A poetic name of some respectability, belonging to the later Elizabethan period, is that of Robert Southwell (15621595). The poems of this writer are all on moral and religious subjects; though they have not many of the endowments of fancy, they are peculiarly pleasing for the simplicity of their diction, and especially for the fine moral truths and lessons they convey. Life's uncertainty and the world's vanity, the crimes and follies of humanity, and the consolations and glories of religion, are the constant themes of his writings, both in prose and verse; and the kindness and benignity of his nature, and the moral excellence of his character, are diffused alike over both.
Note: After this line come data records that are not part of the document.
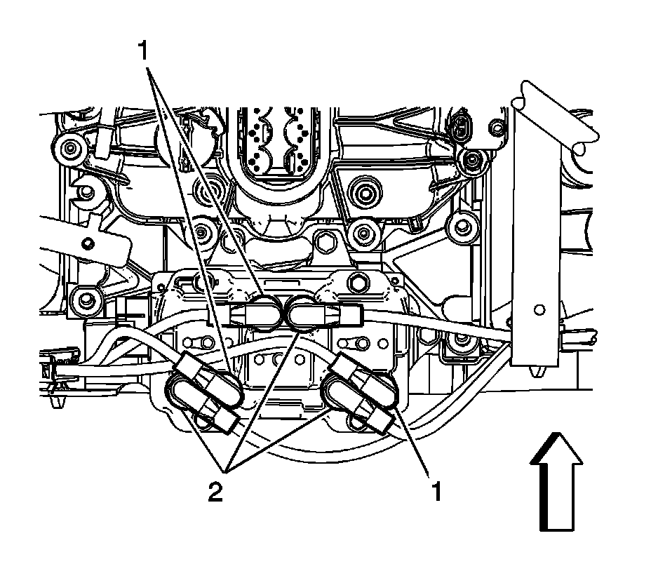 2. Remove the appropriate bank 1 spark plug wire boot(s) (1), or bank 2 spark plug wires boot(s) (2) from the ignition coil.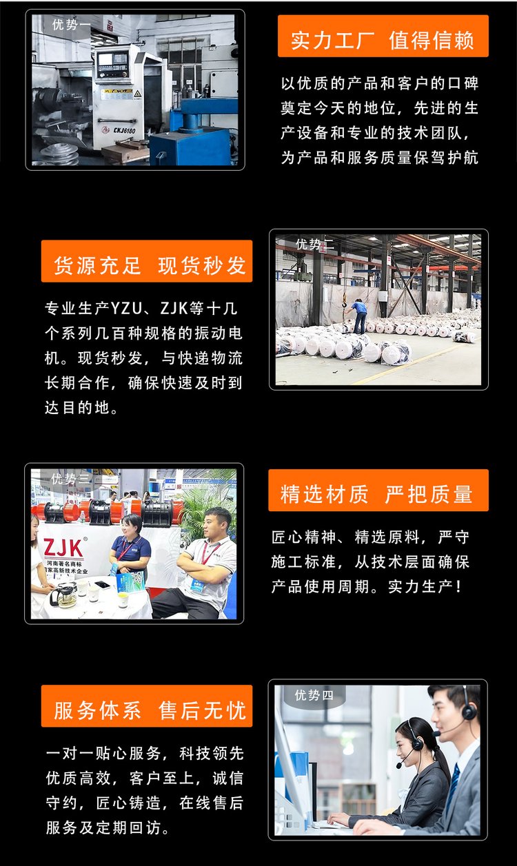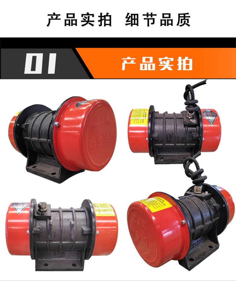 体积小,重量轻,激振力大,振幅稳定,激振力可无级调整,机壳全密封,可以在任何无防爆要求的粉尘条件下工作。防护等级分IP44、IP54、IP55等绝缘等级:B级或F级。工作条件:海拔高度1000米以下,环境温度-15~ 40℃。工作方式为S1(连续定额工作制)。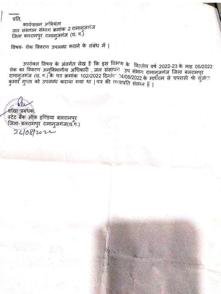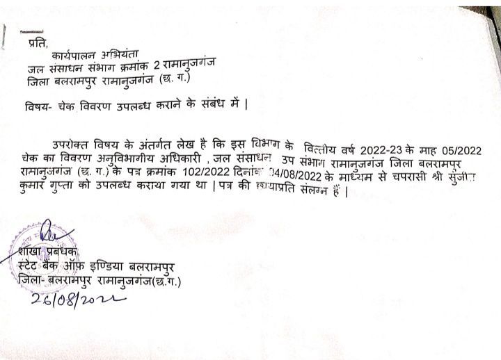 जिसके प्रतिउत्तर में शाखा प्रबंधक स्टेट बैंक ऑफ़ इण्डिया ने बताया की -उपरोक्त विषय के अंतर्गत लेख है कि इस विभाग के वित्तीय वर्ष 2022-23 के माह 05/2022 चेक का विवरण अनुविभागीय अधिकारी, जल संसाधन उप संभाग रामानुजगंज जिला बलरामपुर रामानुजगंज (छ.ग.) के पत्र क्रमांक 102/2022 दिनांक 14/08/2022 के माध्यम से चपरासी श्री सुजीत कुमार गुप्ता को उपलब्ध कराया गया था । पत्र की छायाप्रति संलग्न हैं।
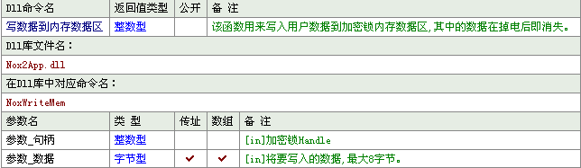使用函数:long NoxWriteMem(long nKeyHandle,unsignedchar *pBuffer);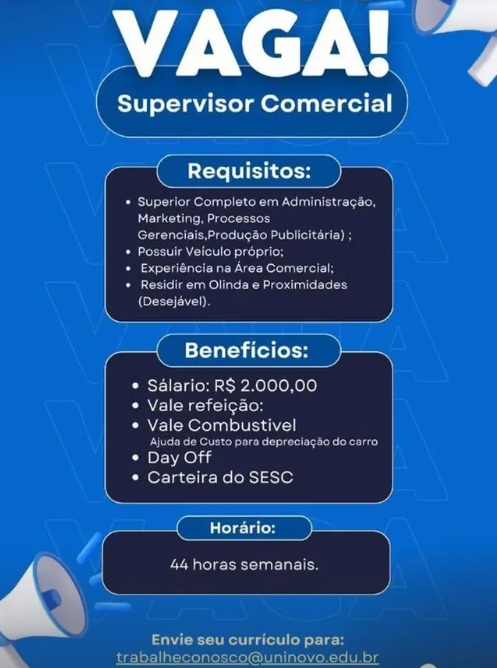 Vaga de Emprego para Supervisor Comercial na empresa Uni Novo em Recife e região nesta quarta (13/08/2025)
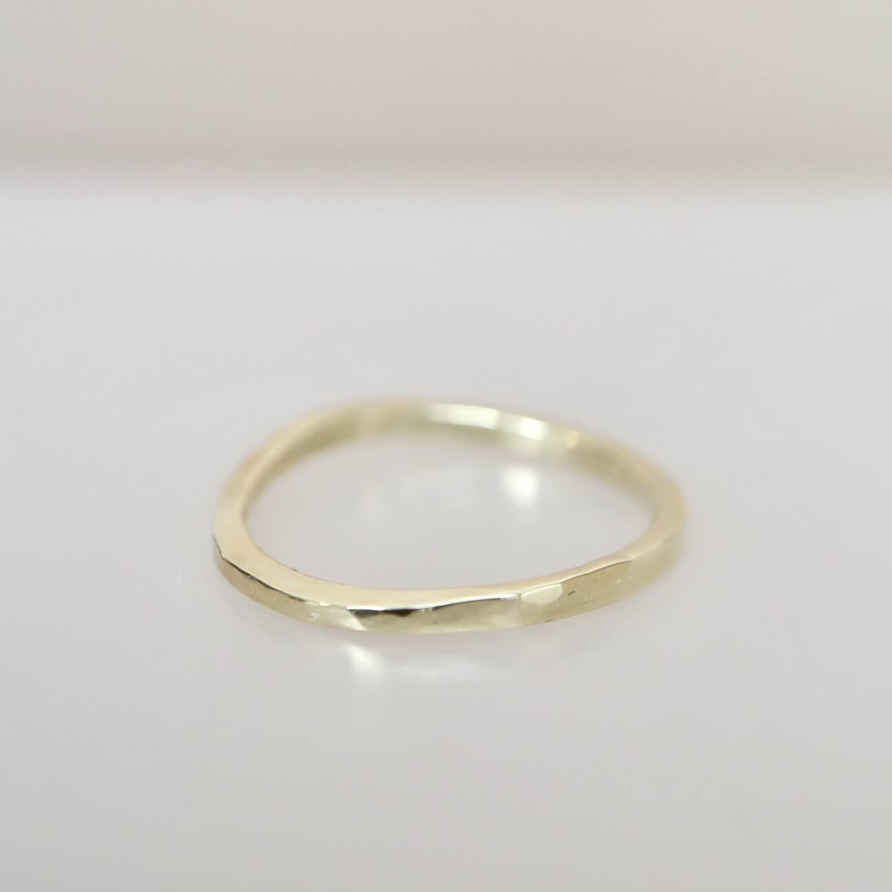 Een golvende ring met een hamerslag. Subtiel met een groots effect. Gemaakt van 14 karaat goud.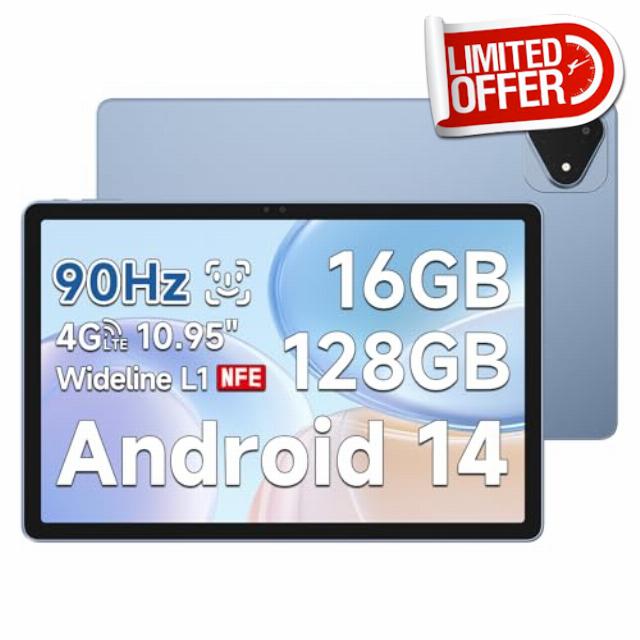 iPlay60 Pro – 11 Inch Tablet – Android 14, 90Hz Screen FHD 1920 x 1200, MTK G99, 16GB + 128GB/1.5TB TF, 4 Speakers/Face ID/Widevine L1/7000mAh/18W PD, 4G LTE, GPS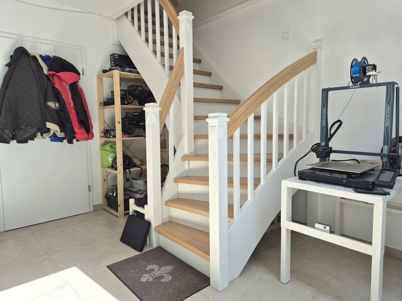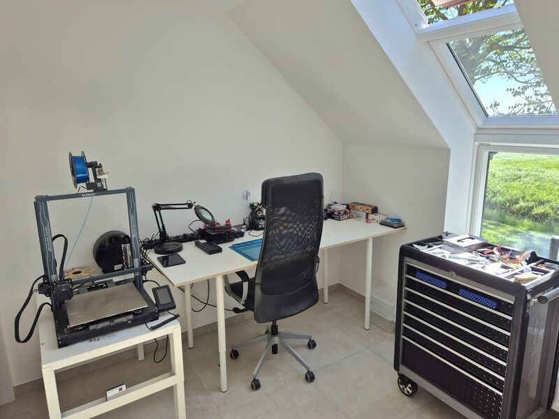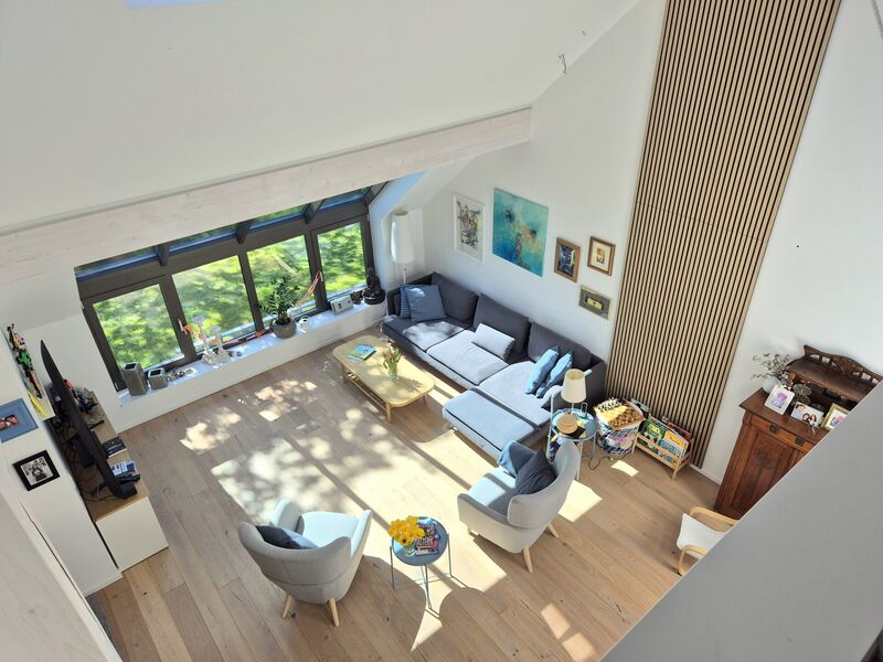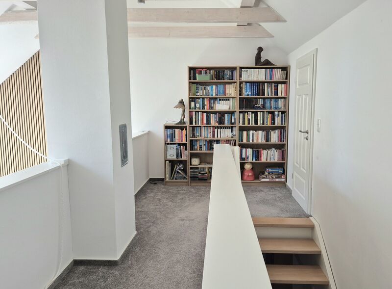 Aktuell wird die dazugehörige Einliegerwohnung (mit separatem Eingang) im ehemaligen, hinteren Scheunentrakt als Büro genutzt. Dieser ca. 60m² große Bereich ist 2024 fertiggestellt worden und verfügt über Einbauküche, Duschbad und Schlafbereiche.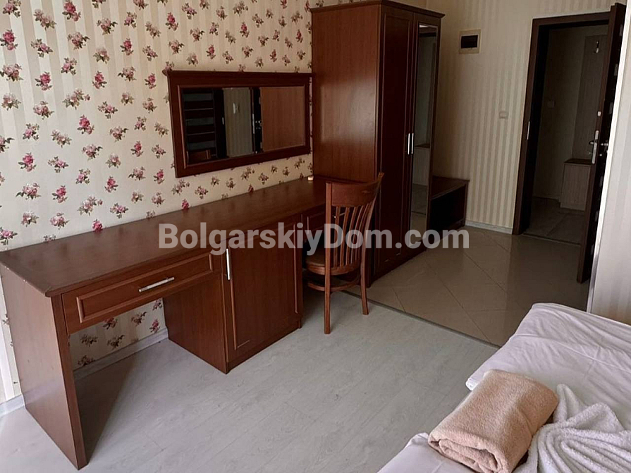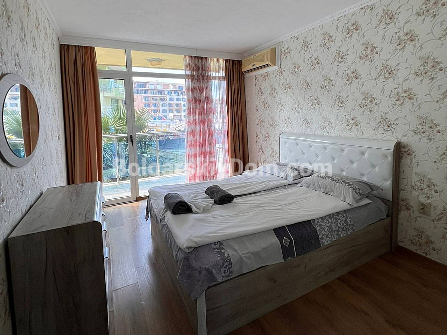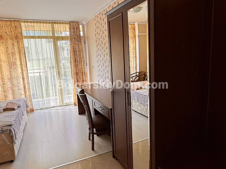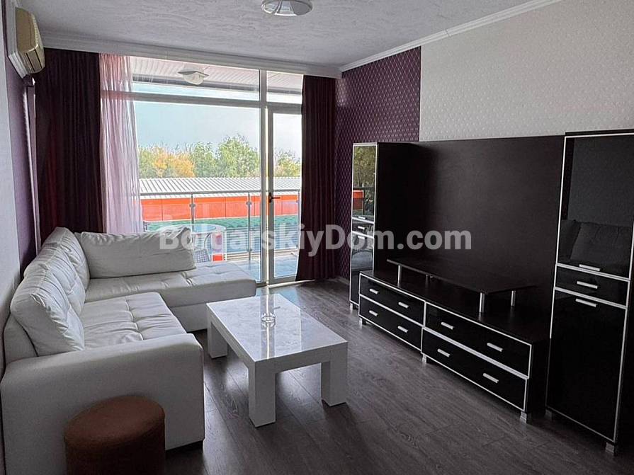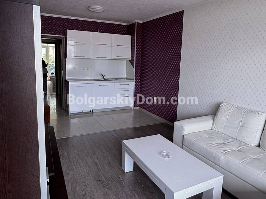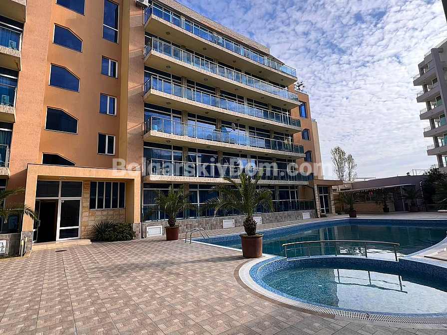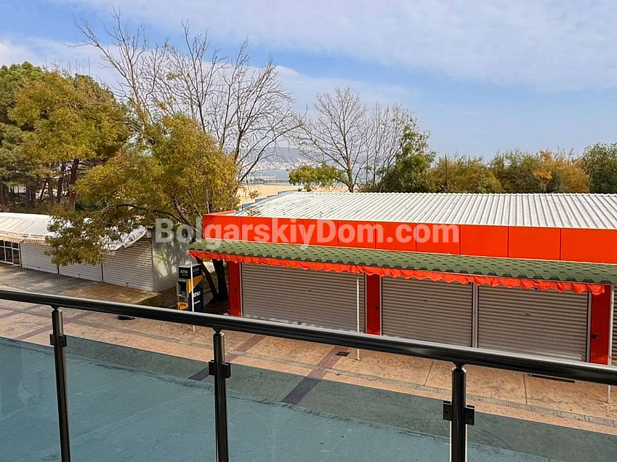 A new addition to the panoramic listings! Among the most attractive offers of Bolgarskiy Dom in Sunny Beach is this spacious two-bedroom apartment. We present a property with an area of 101 sq.m. in the Gallery 2 complex. The apartment, located on the 2nd floor, offers excellent functionality: a bright living room with a kitchen, two separate bedrooms and two fully equipped bathrooms with shower cabins. And the main highlight — two spacious terraces! One overlooks the pool and inner courtyard, while the other faces the street with a partial sea view.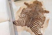 ZEBRA BROWN STRIPES ON BEIGE COWHIDE RUG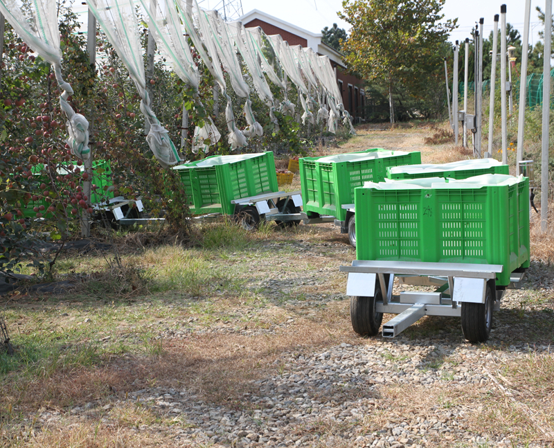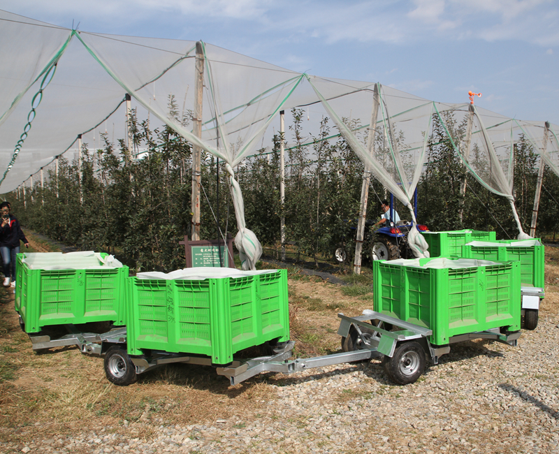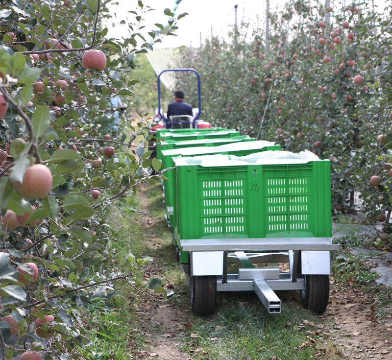 The picking train is a special equipment designed by our company to improve the picking and transportation turnover efficiency of modern orchards and greatly reduce fruit bruises. Train structure design is simple and firm; The whole vehicle adopts hot-dip zinc surface treatment process, which is durable; Four sets of adjusted damping devices for fruit baskets are set at the place where fruit baskets are placed. Compared with traditional transport vehicles, they can greatly reduce the damage rate during fruit transportation and improve the economic benefits, which can be described as "small investment and large income". The wide body tire of golf cart is adopted for the train, which can effectively reduce the bumpiness of the pitted road facing the fruit. Each 4-6 trains are in a formation. Each group of trains is equipped with one tractor traction support and one storage support for easy use and storage.

The first Scottish poet who wrote well in English was William Drummond of Hawthornden (1585-1649), the character of whose poetry is various, consisting of sonnets, epigrams, epitaphs, religious and other poems. His highest charm is unaffected feeling and unaffected language.

We turn now to that department of literature in which the English have excelled all the other nations of the world-the drama. The Rev. Stopford Brooke in his English Literature states, that the first stage of the regular drama begins with the first English comedy, Ralph Roister Doister, written by Nicholas Udall, master of Eton, known to have been acted before 1551, but not published till 1566. In it, we have our earliest picture of London manners: the characters are well drawn it is divided into regular acts and scenes, and is made in rhyme.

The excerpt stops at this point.